**Exercise**
Restate, exactly and without pictures, the lines from the start of the listing below through the line holding "[AU LAIT MADE] CREAM DOT PLEATS SKIRT".

══ Given information

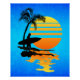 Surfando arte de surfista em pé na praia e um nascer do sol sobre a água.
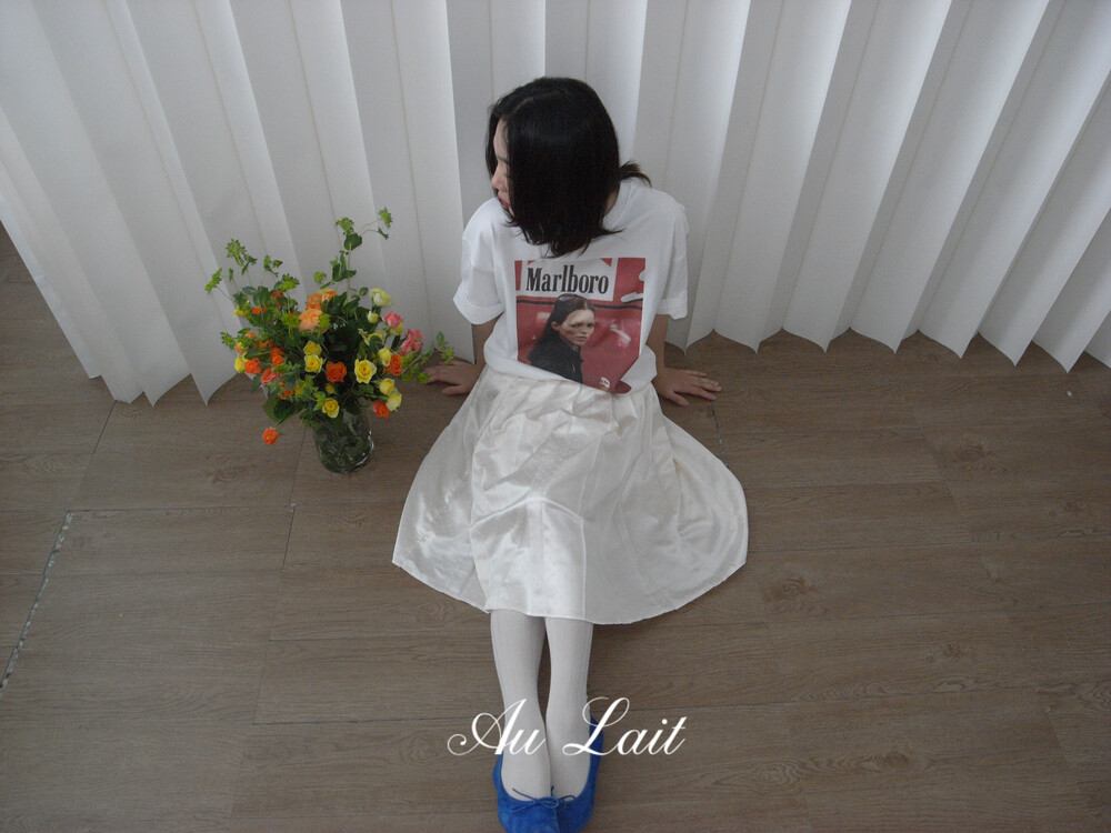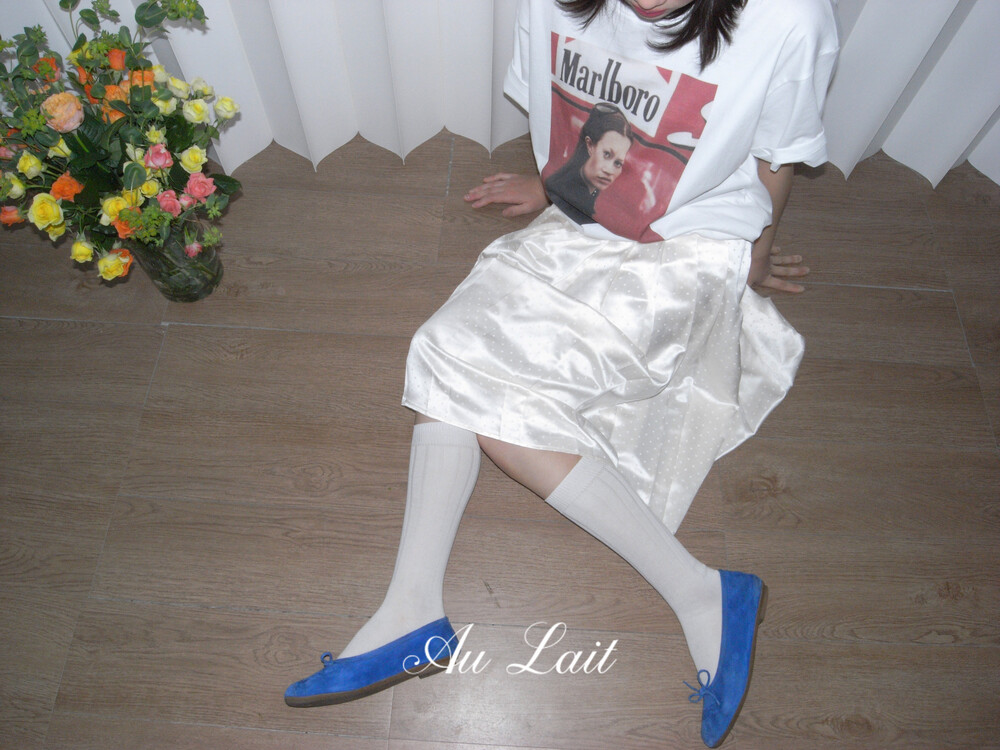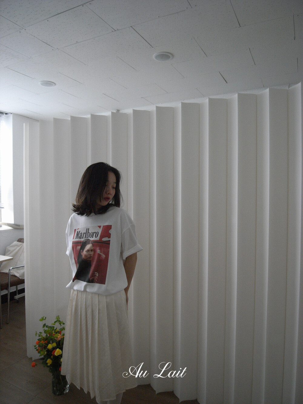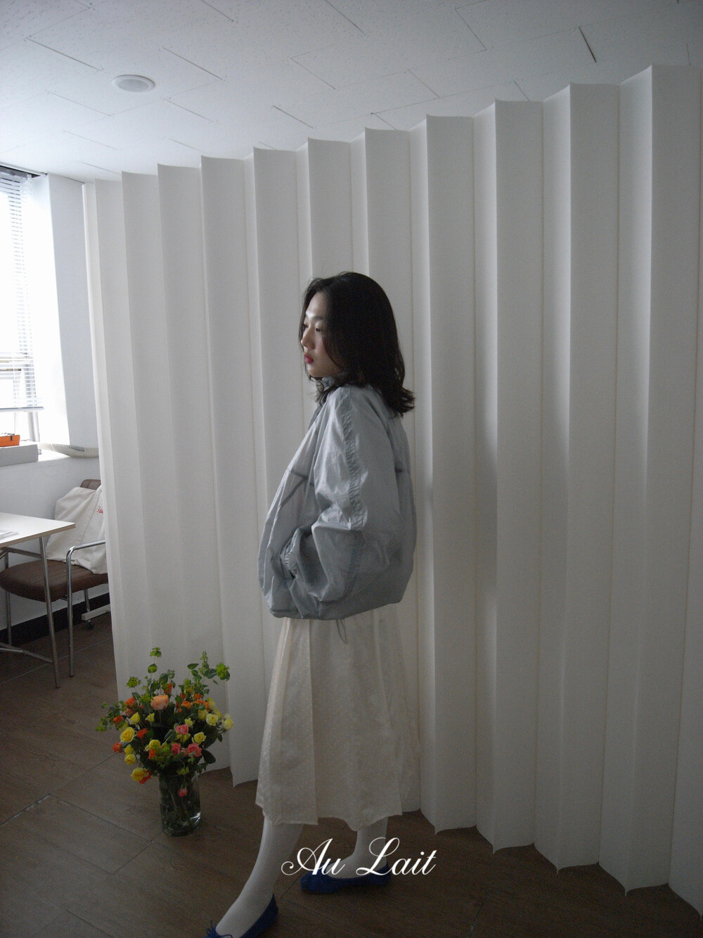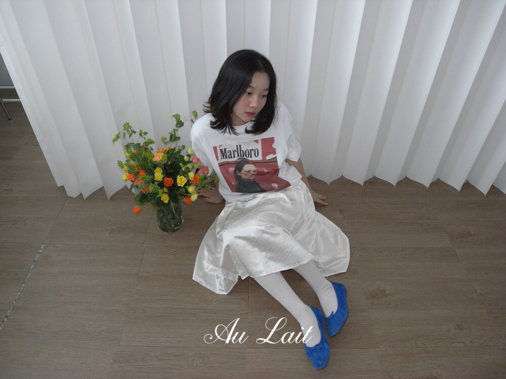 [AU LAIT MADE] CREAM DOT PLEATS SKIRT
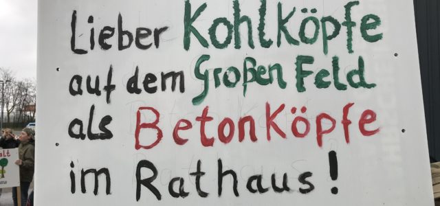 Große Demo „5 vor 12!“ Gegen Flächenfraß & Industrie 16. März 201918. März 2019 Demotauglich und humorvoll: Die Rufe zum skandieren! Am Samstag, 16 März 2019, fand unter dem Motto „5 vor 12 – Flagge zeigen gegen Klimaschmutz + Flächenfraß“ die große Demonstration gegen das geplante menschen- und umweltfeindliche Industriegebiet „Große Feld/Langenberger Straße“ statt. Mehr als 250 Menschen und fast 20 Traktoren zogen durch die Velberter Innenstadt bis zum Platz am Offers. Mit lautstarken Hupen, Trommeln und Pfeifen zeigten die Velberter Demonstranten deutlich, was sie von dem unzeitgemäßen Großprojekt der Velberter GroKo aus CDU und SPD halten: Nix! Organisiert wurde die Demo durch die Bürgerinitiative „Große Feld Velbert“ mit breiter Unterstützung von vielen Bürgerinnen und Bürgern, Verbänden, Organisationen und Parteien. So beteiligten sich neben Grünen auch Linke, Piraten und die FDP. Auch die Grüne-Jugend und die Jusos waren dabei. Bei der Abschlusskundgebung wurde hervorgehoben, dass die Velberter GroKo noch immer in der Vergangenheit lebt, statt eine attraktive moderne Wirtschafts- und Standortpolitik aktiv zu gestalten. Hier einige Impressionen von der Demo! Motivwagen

════

**Solution to this exercise**
 Surfando arte de surfista em pé na praia e um nascer do sol sobre a água.
 [AU LAIT MADE] CREAM DOT PLEATS SKIRT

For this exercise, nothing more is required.